Every coach of every Olympian, not just the team coaches, has been invited to the training camp there, and in Chartres, where they will do their final staging camp, before the team enters the Olympic village in Paris next month.

The ultimate goal, one that Australia has not achieved the 1956 Melbourne Olympics, is to knock the US team off its perch as the No 1 swimming nation.

“That’s the America’s Cup for us,’’ Taylor said. “That’s why we have the Boxing Kangaroo (designed for the victorious 1983 America’s Cup campaign) as our mascot – red gloves for aggression, puffed chest for pride.’’

“We have a huge respect for (the USA), they’re the standard-bearers. There’s a reason why no-one else has topped the medal tally in 70 years, because they are that good, and they always show up.

“We are a small nation aiming to be the best. They are the best and they will always be the best, until they are not.’’

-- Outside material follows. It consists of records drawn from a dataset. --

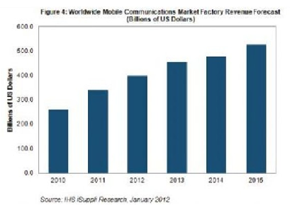 2012年移動(dòng)通信市場(chǎng)的工廠營(yíng)業(yè)收入預(yù)計(jì)達(dá)到3980億美元,比去年的3408億美元增長(zhǎng)17%。盡管今年的增長(zhǎng)速度比2011年的32%有所放緩,但總體市場(chǎng)并未顯示出即將下滑的跡象。預(yù)計(jì)明年將保持兩位數(shù)的增長(zhǎng)速度,工廠營(yíng)業(yè)收入到2015年將突破5000億美元,如圖所示。工廠營(yíng)業(yè)收入是指制造商通過(guò)向渠道銷(xiāo)售設(shè)備而獲得的收入,在本案中,廠商銷(xiāo)售的是移動(dòng)通信設(shè)備,如智能手機(jī)以及其它類(lèi)型的手機(jī),或者路由器等無(wú)線基礎(chǔ)設(shè)備。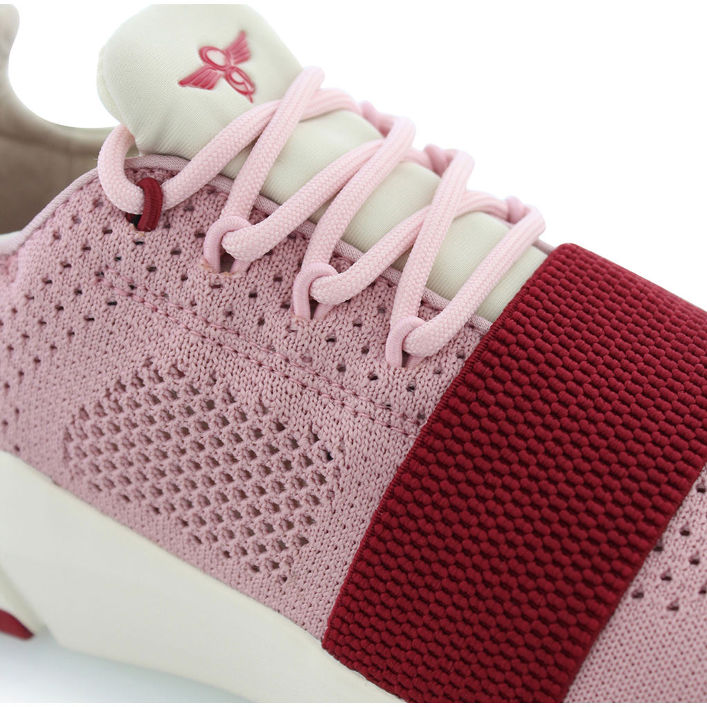 The Pink and Burgundy Ceroni Sneaker from Creative Recreation is a low-top athletic shoe that features a striking knit exterior and a neoprene bootie. Designed for a life on the move, the Ceroni is outfitted with a stretchy upper and pull-tabs to offer simplistic slip-on entry. Constructed on a light EVA outsole, an elastic strap on the front completes this sleek, ultra-athletic look.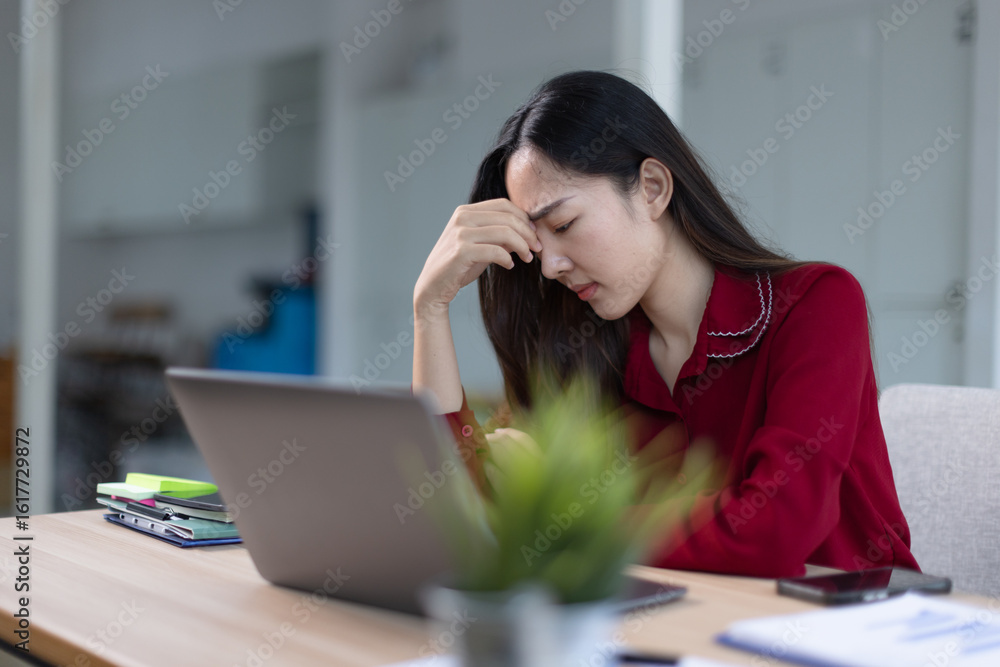 feeling stressed asian businesswoman working on laptop sitting at desk in modern office space for work online.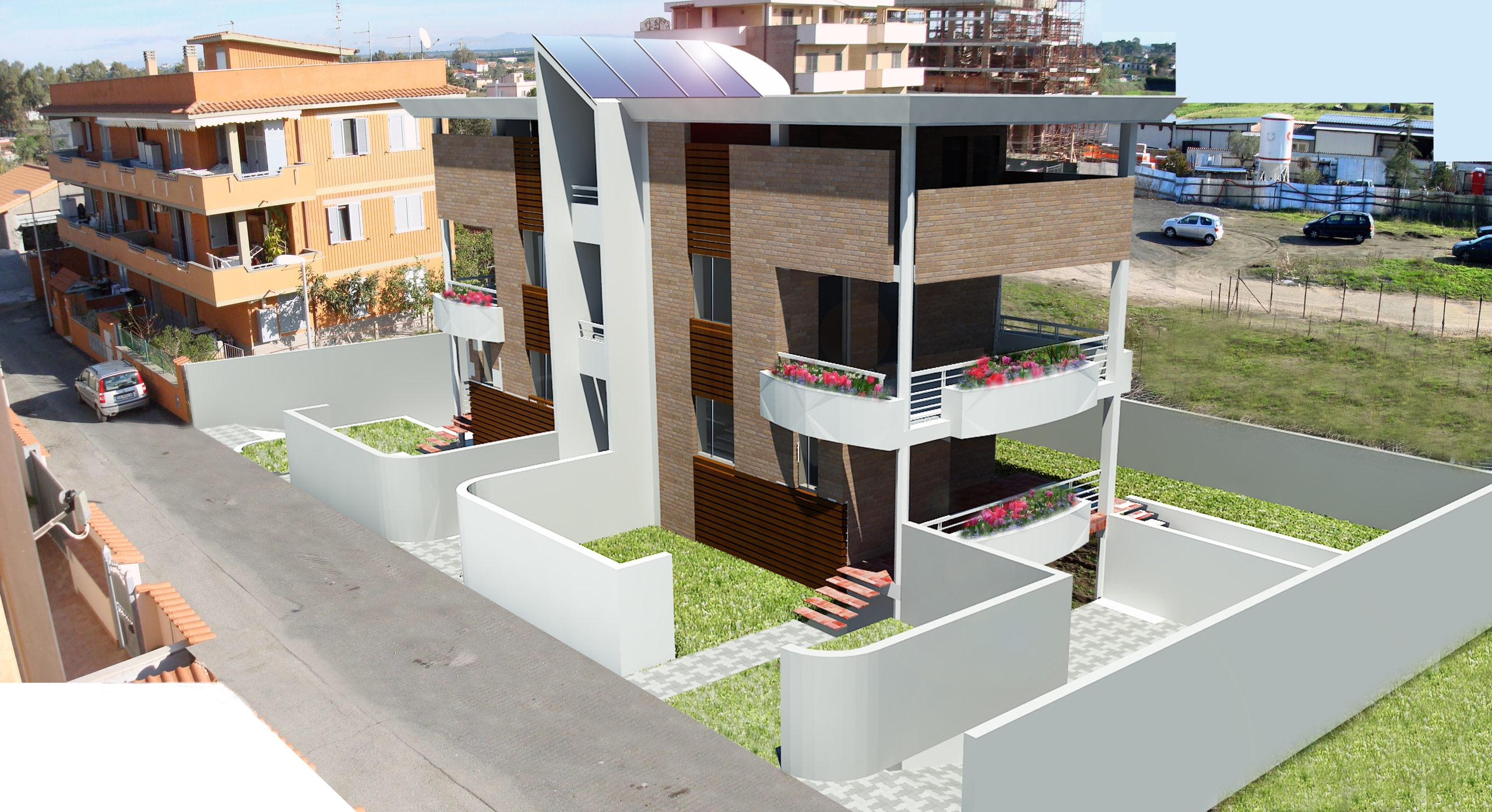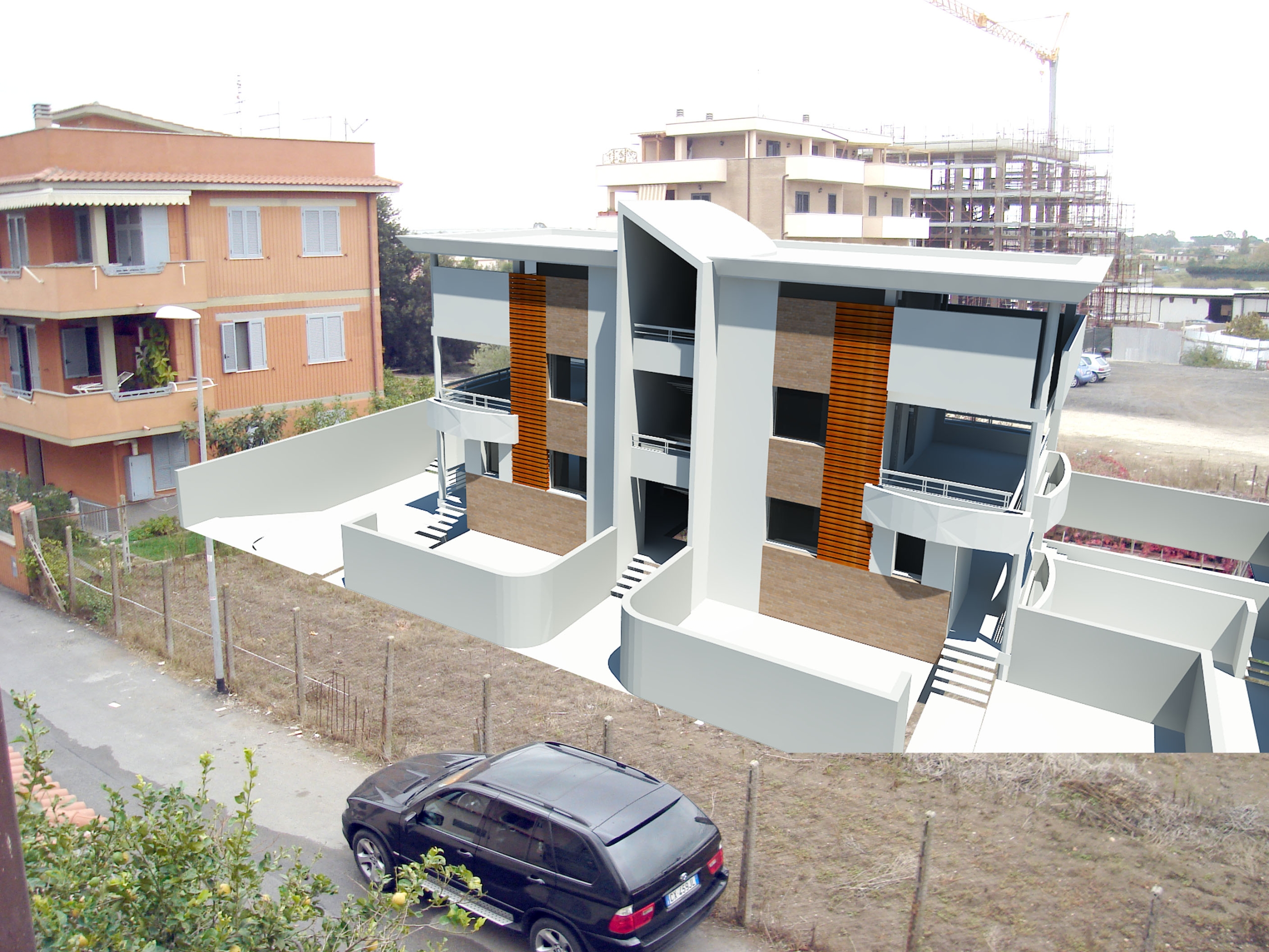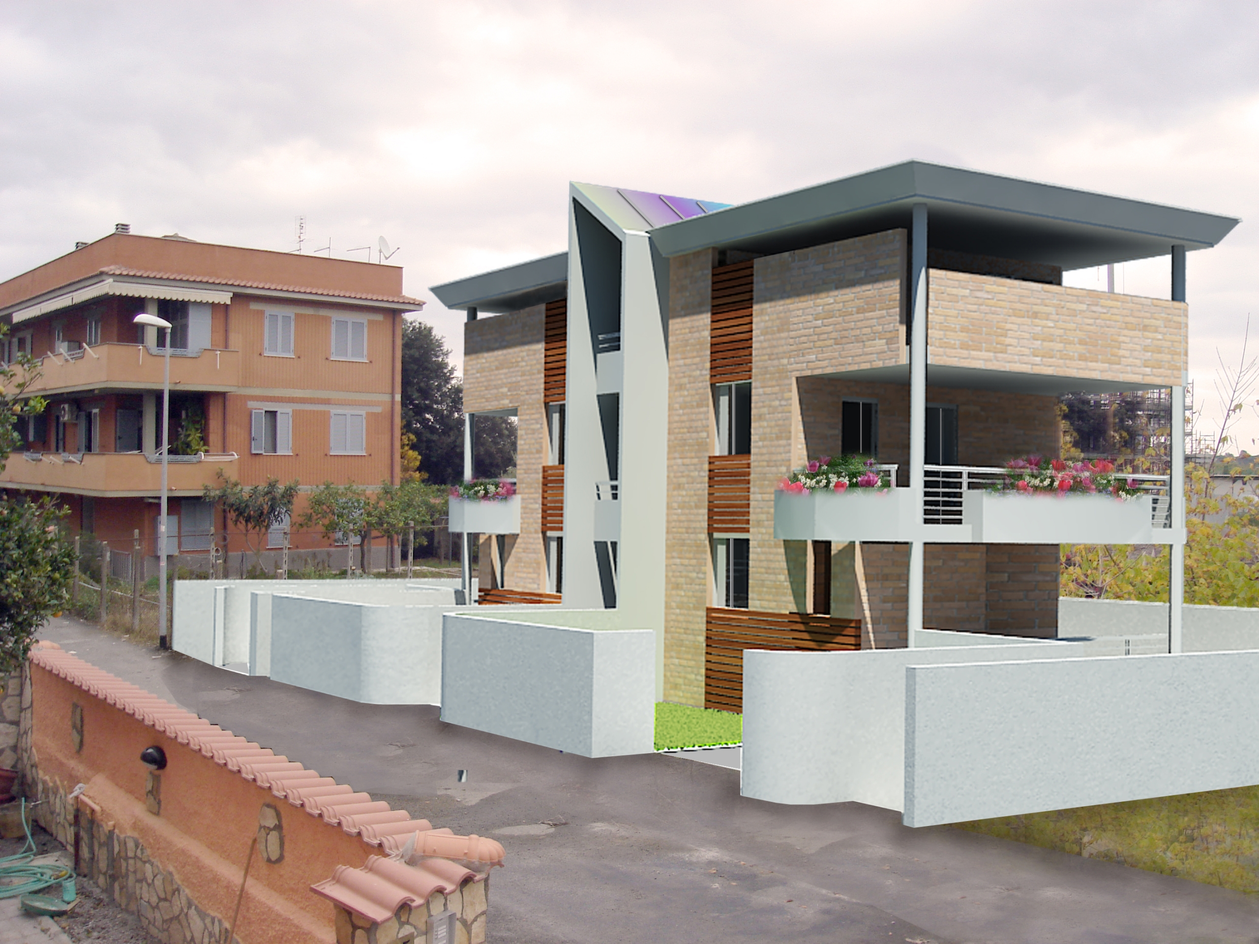 In un lotto di 600 mq ricadente in zona O (recupero urbanistico) a ridosso della Pineta di Castel Fusano, è stato progettato un edificio quadri-familiare di tre piani fuori terra, due residenziali e uno servizi, e un interrato con destinazione rimessa e cantine.

The US trials begin today in Indianapolis and run for nine days. By the end, the Australian team will know if it has a realistic shot of winning America’s Cup.

The Australian team is:

Debut (22)

Iona Anderson, Ben Armbruster, Jaclyn Barclay Jack Cartwright, Abbey Connor, Elizabeth Dekkers, Jenna Forrester, Maximillian Giuliani, Shayna Jack, Lani Pallister, Alexandria Perkins, Jamie Perkins, William Petric, Ella Ramsay, Samuel Short, Flynn Southam, Kai Taylor, Samuel Williamson, Bradley Woodward, Olivia Wunsch, William Yang, Joshua Yong

2nd Games (13)

Isaac Cooper, Meg Harris, Zac Incerti, Se-Bom Lee, Kaylee McKeown, Thomas Neill, Mollie O’Callaghan, Brendon Smith, Jenna Strauch, Zac Stubblety-Cook, Matthew Temple, Ariarne Titmus, Elijah Winnington

3rd Games (3)

Kyle Chalmers, Emma McKeon, Brianna Throssell,

4th Games (2)

Bronte Campbell, Cameron McEvoy

*Note: Moesha Johnson has been selected for both pool and open water events.